---
title: Core Concepts
sidebar_position: 1
---
import MermaidTeaRAGs from '@site/src/components/MermaidTeaRAGs';
TeaRAGs transforms source code into searchable vector embeddings enriched with development history signals. Understanding these five layers is key to getting the most out of the system.
## 1. [Code Vectorization](./code-vectorization)
How source code becomes searchable. The indexing pipeline scans your project, splits code into semantic chunks using AST-aware parsers (tree-sitter), converts chunks into vector embeddings, and stores them in Qdrant. Incremental reindexing detects changes and updates only affected chunks.
## 2. [Semantic Search](./semantic-search)
The foundation: finding code by intent and meaning, not exact keywords. Ask "how does authentication work?" and get the actual implementation, even if it's called `Pipeline::StageClient`. Supports hybrid search (semantic + BM25) for combining meaning-based and keyword-based retrieval.
## 3. [Trajectory Enrichment Awareness](./tea)
What makes TeaRAGs different from standard code RAG. Each chunk is augmented with **19 git-derived signals** — churn, authorship, volatility, bug-fix rates, task traceability — at both file and chunk (function/method) granularity.

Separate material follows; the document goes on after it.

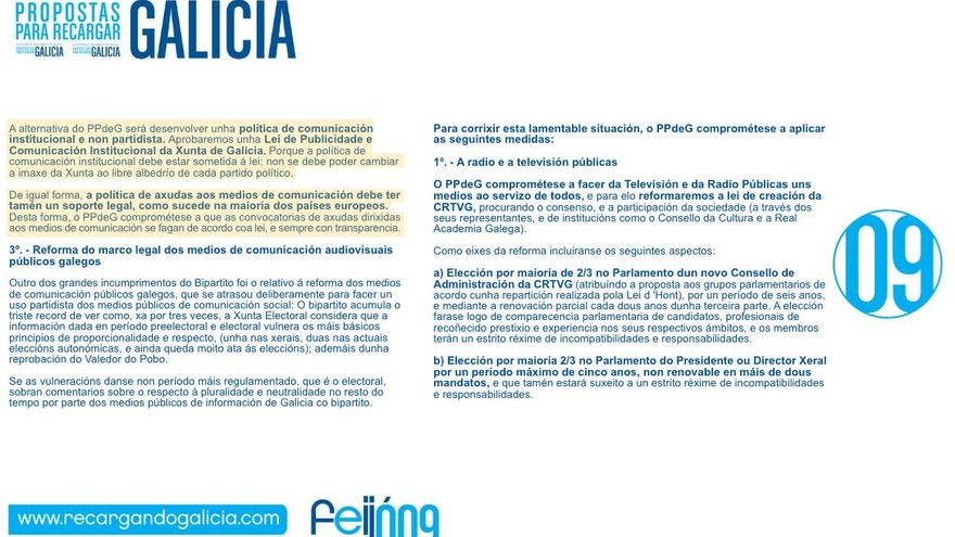 Esta nueva contratación llega en la recta final de una legislatura que, como las anteriores, volverá a finalizar sin que la Xunta envíe al Parlamento para su aprobación la ley de publicidad institucional que el PP gallego ha prometido en numerosas ocasiones. En el programa electoral que Feijóo defendió en la campaña tras la que logró ser presidente por primera vez, hace una década, los populares manifestaban el compromiso de “aprobar una Ley de Publicidad y Comunicación Institucional de la Xunta de Galicia” porque “la política de comunicación institucional debe estar sometida a la ley”.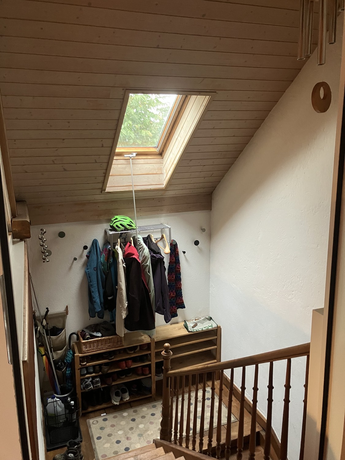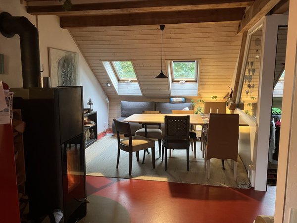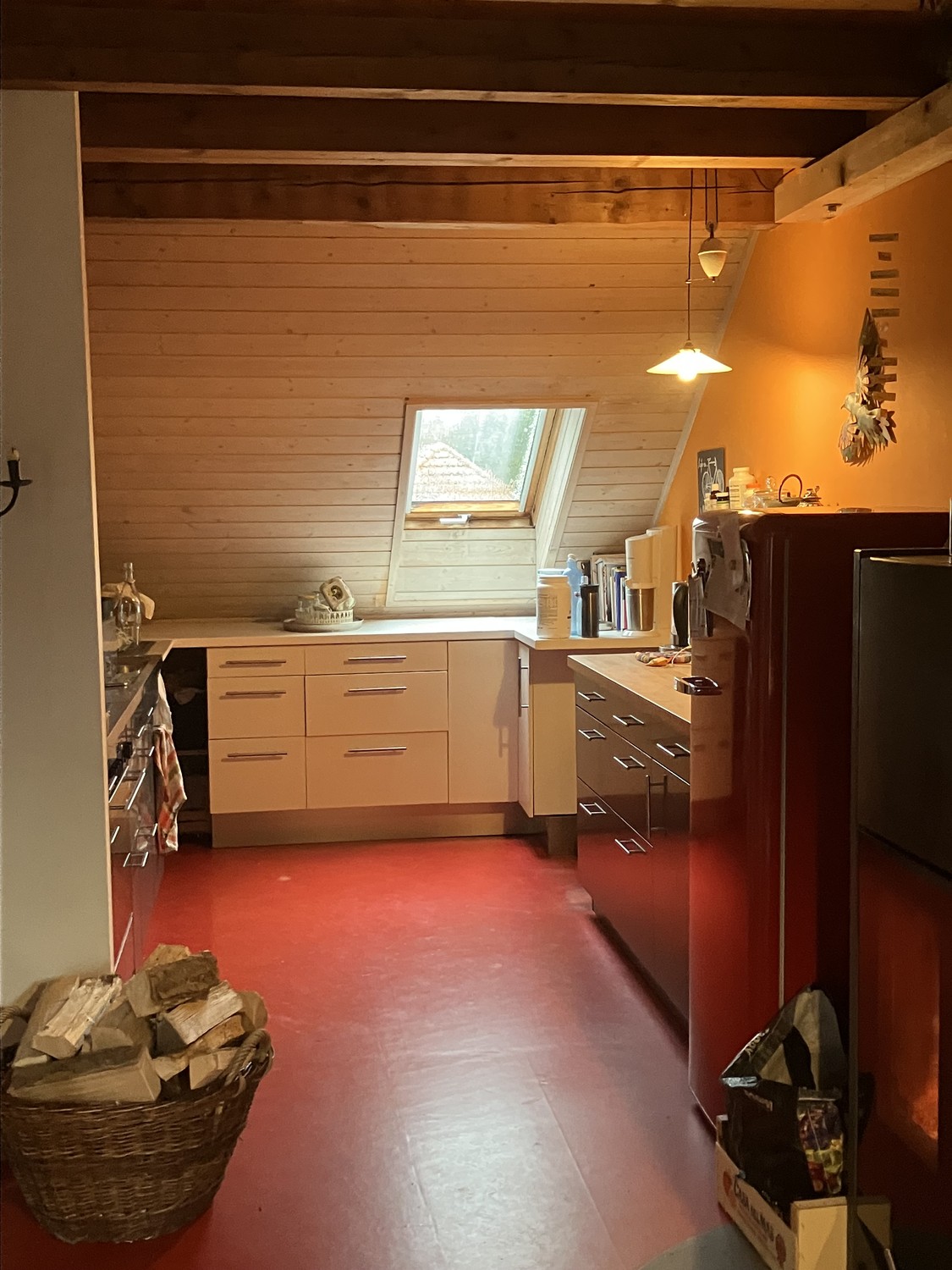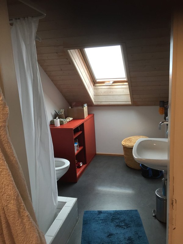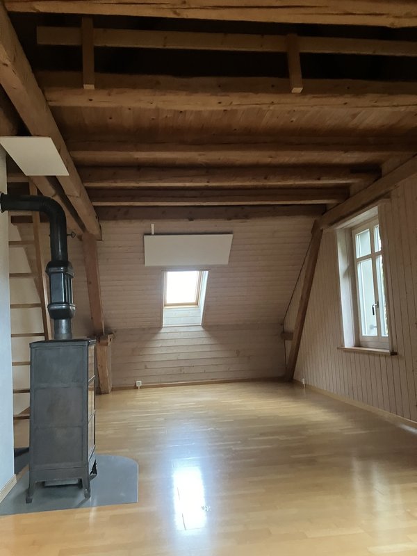 Ich (w/59) suche ruhige Mitbewohnerin (NR, keine Haustiere) für das grosszügige Zimmer mit Galerie, Heizung mit Holz oder Infrarot, kein Geschirrspüler, Waschmaschine im Keller für alle 4 Parteien (ohne Plan), Parkplatz und Velounterstand steht zur Verfügung.

This metadata enables quality-aware retrieval: find code that is not just similar, but also stable, well-owned, or risky.
## 4. [Reranking](./reranking)
How trajectory signals are used at search time. Results from vector similarity are re-scored using composable weight presets (`hotspots`, `ownership`, `techDebt`, `securityAudit`, etc.) or custom weight configurations.
## 5. Agentic Data-Driven Engineering
Trajectory enrichment + reranking together enable a new paradigm: **AI agents making code decisions backed by empirical evidence**, not pattern matching intuition. Instead of copying the first search hit, an agent can:
- **Find stable templates** (`rerank: "stable"`) — low-bug, battle-tested code
- **Avoid anti-patterns** (`rerank: "hotspots"`) — high-churn, bug-prone code
- **Match domain owner's style** (`rerank: "ownership"`) — consistent conventions
- **Understand context** via `taskIds` — why the code exists
- **Assess risk** (`rerank: "techDebt"`) — defensive patterns for legacy code
> *This transforms code generation from artistic guesswork into data-driven engineering.*
👉 **[Agentic Data-Driven Engineering](/agent-integration/agentic-data-driven-engineering)** — full strategies, workflows, and the transformation table.
## How It All Fits Together
<MermaidTeaRAGs>
{`
flowchart TB
subgraph INPUT["Source Code"]
files["Project Files"]
git["Git History"]
end
subgraph VECTORIZE["1. Code Vectorization"]
scan["File Discovery<br/>.gitignore · .contextignore"]
chunk["AST-Aware Chunking<br/>tree-sitter: functions, classes, methods"]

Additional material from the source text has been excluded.